Eli Glob. v. Cieutat
| Docket Number | SC-2023-0058 |
| Decision Date | 01 December 2023 |
| Citation | Eli Glob. v. Cieutat, SC-2023-0058 (Ala. Dec 01, 2023) |
| Parties | Eli Global, LLC, and Greg Lindberg v. Ronald Cieutat; Todd Vereen; Deborah Simison, as personal representative of the Estate of David Glenn Finnegan, deceased; Floyd Slay, Jr.;Timothy Andrews; Tyla Fowlkes; Mark Bier and Shawn Bier, as personal representatives of the Estate of Debra Little, deceased; Thomas Williams; Erin Bailey Kelso; Jan Wheeler; Eugene Dreher IV; Nancy Dreher; Joseph Moose; Phillip Epstein; Michael Dandurand; William McFarland; Angela Clark; Carol Jean Moorhead; and Michael Rudge |
| Court | Alabama Supreme Court |
Appeal from Mobile Circuit Court (CV-20-900993)
Eli Global, LLC, and Greg Lindberg appeal, challenging a summary judgment entered against them by the Mobile Circuit Court in an action commenced by Ronald Cieutat, Todd Vereen, and multiple other plaintiffs involving Eli Global's alleged failure to fulfill its obligations on a promissory note and Lindberg's alleged failure to fulfill his obligations on a guaranty of that promissory note. Eli Global and Lindberg also challenge the circuit court's award of attorney fees and expenses to the plaintiffs. We affirm the circuit court's summary judgment, but we remand the case to the circuit court for it to enter an order articulating its reasons for the award of attorney fees and expenses.
In 2002, Cieutat and Vereen founded Hemophilia Preferred Care Inc., a company focused on treating individuals with hemophilia. The company eventually expanded its business via several affiliated entities to include patients with conditions such as Crohn's disease, hepatitis C, multiple sclerosis, rheumatoid arthritis, and other specialized conditions. The flagship entity became HPC, LLC ("HPC"), and its affiliated entities were Hemophilia Preferred Care of Memphis, Inc.; HPC Biologicals Inc.; HPCNC, Inc.; HPC Specialty Rx West Virginia, Inc.; HPC Speciality Rx of Kansas, Inc.; Hemophilia Preferred Care of Oklahoma, Inc.; HPC Specialty Rx Reed, Inc.; and Hemophilia Preferred Care of Mississippi, Inc. Cieutat and Vereen served as the chief officers of those entities, and together they owned a majority stake in HPC and its affiliated entities, but 21 other individuals held smaller shares of HPC and its affiliated entities (Cieutat, Vereen, and the other owners are collectively referred to as "the Sellers").

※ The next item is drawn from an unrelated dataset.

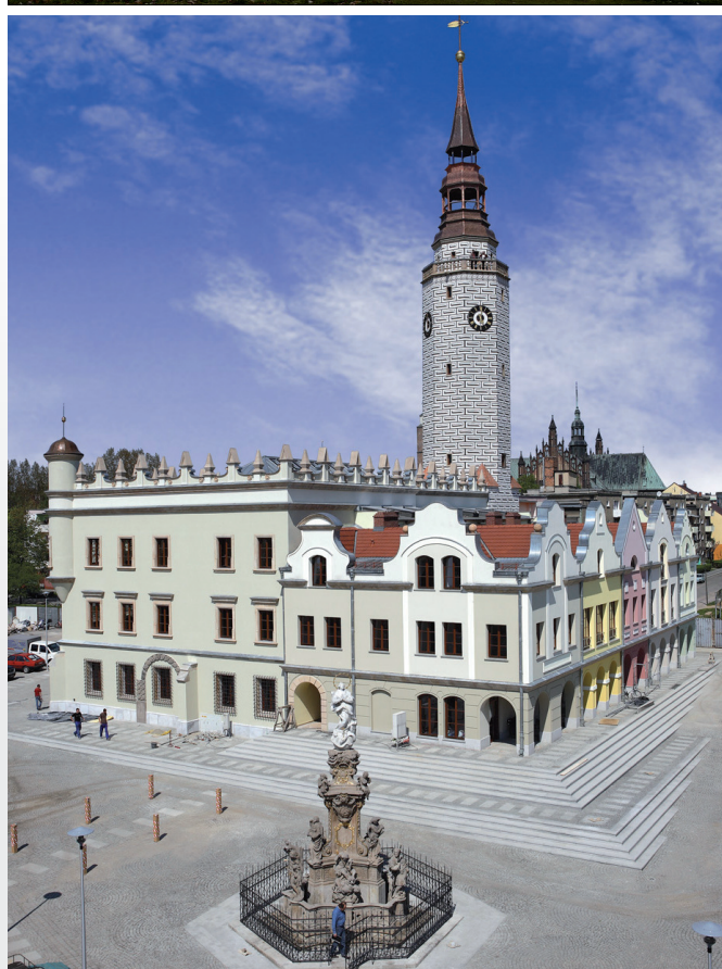
Radnice / Ratusz, Gliwice
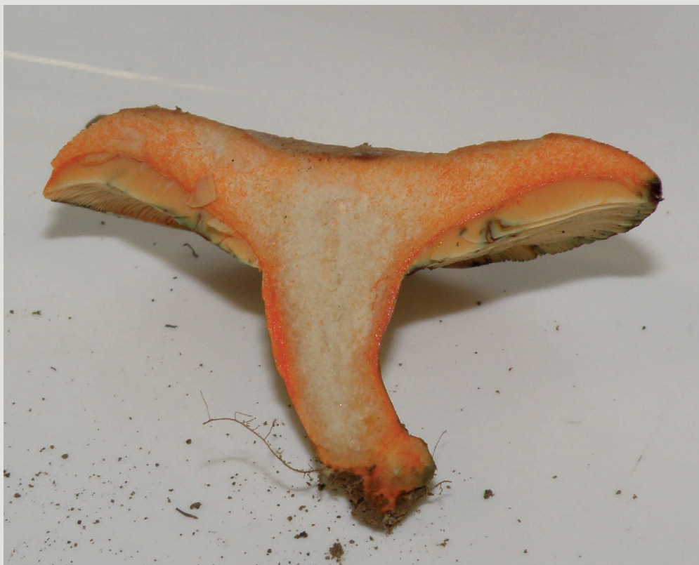
Figura 3 - O lactário-delicioso deita leite alaranjado ao efetuarmos um corte e o chapéu e as lâminas mancham rapidamente de verde com o manuseamento

Numa primeira fase, foi confirmada a compatibilidade entre o medronheiro e a espécie de lactário-delicioso em condições de laboratório. O tipo de inóculo (em meios

In mid-2017, Eli Global agent Michael Pereira approached Cieutat, who was serving as chief executive officer ("CEO") of HPC and its affiliated entities, about Eli Global's interest in purchasing HPC and its affiliated entities.[1] On November 16, 2017, Eli Global formed Specialty Pharmacy Investments, LLC, which later changed its name to HPCSP Investments, LLC ("HPCSP"), for the express purpose of acquiring HPC and its affiliated entities.

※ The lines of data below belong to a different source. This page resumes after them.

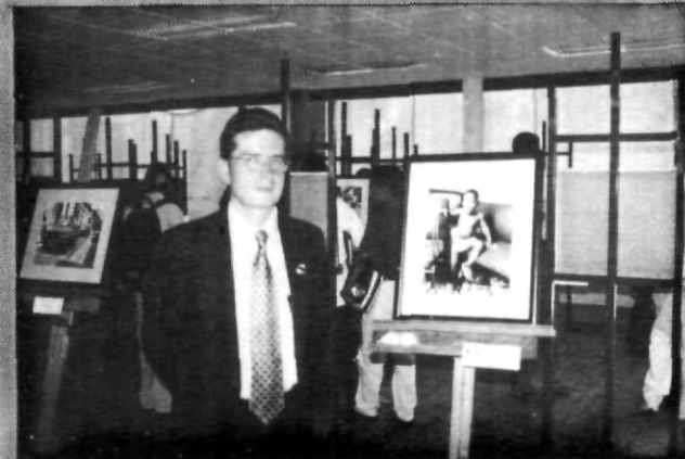
Las dudas de los alumnos salieron a flote

Además, el reportero afirmó la vigencia que la santería tiene en dicho país, habló del uso de las "huahuas", así como la situación precaria en que muchas veces viven los cubanos.
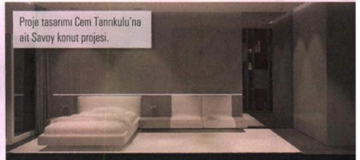
Proje tasarımı Cem Tannkulu'na ait Savoy konut projesi.
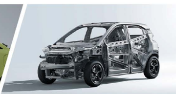
Estructura Corporal de Alta Resistencia
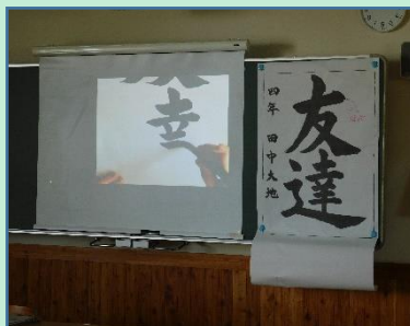
動画も参考に書写に取り組みます
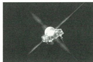
LED照明の使用が電力使用量削減につながる
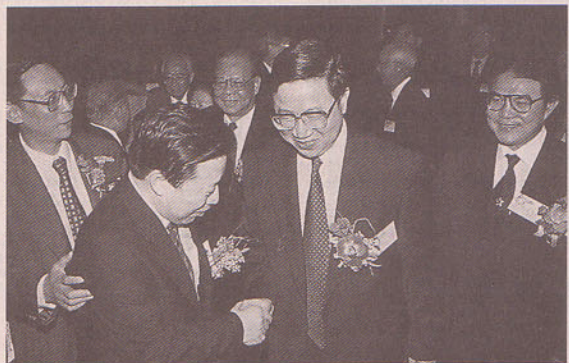
右起：霍震霆、姜恩柱、孫家正、區永熙
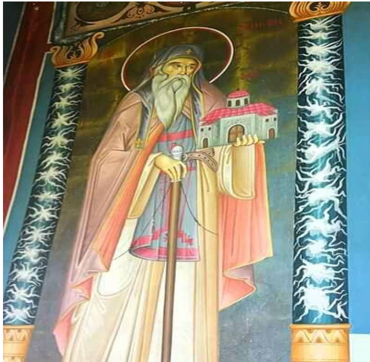
Σύγχρονη τοιχογραφία του Οσίου, στον μικρό του Ι. Ναό.
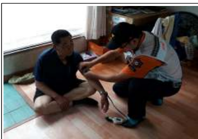
고령자 등 취약계층 기초건강 체크
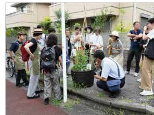
EDIBLE WAY 見学ツアー
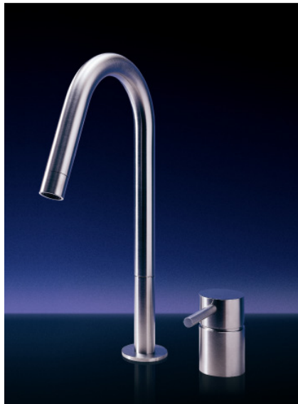
F 2 SQ mit separater Handbrause Zweiloch-Armatur F 2

On January 19, 2018, HPCSP entered into an "Equity Purchase Agreement" with the Sellers in which HPCSP agreed to purchase a 100% interest in HPC and its affiliated entities. The Equity Purchase Agreement designated Cieutat as the "Sellers' Representative" for the transaction, provided that the "Sellers' Representative shall have the power and authority to receive from [HPCSP] any and all amounts payable by [HPCSP] to Sellers under this Agreement, the Sellers' Note and the Equity Equivalence Agreement,[2] on behalf of Sellers," and stated that the "Sellers' Representative agrees ... to allocate and distribute such payments to Sellers in such amounts, at such times and on such terms as may be separately agreed by Sellers and Sellers' Representative." One of the "Conditions to Closing" provided in the Equity Purchase Agreement was: "Sellers' Representative shall have received a promissory note issued by Eli Global, LLC, in an aggregate original principal amount of $12,200,000, in substantially the form of, and having the terms set forth on, Exhibit D (the 'Sellers Note'), duly executed by Eli Global, LLC." Indeed, the Equity Purchase Agreement defined the "Purchase Price" for the transaction to be "the Closing Payment, plus the Equity Equivalence Agreement Payments, plus the Sellers' Note." The Equity Purchase Agreement provided that it was to be "governed by, construed and enforced in accordance with the laws of the State of New York without giving effect to the principles of conflict of laws."
As part of the acquisition of HPC and its affiliated entities, HPCSP also executed on January 19, 2018, an "Executive Employment Agreement" with Cieutat to retain Cieutat as CEO of HPCSP for an initial term of five years.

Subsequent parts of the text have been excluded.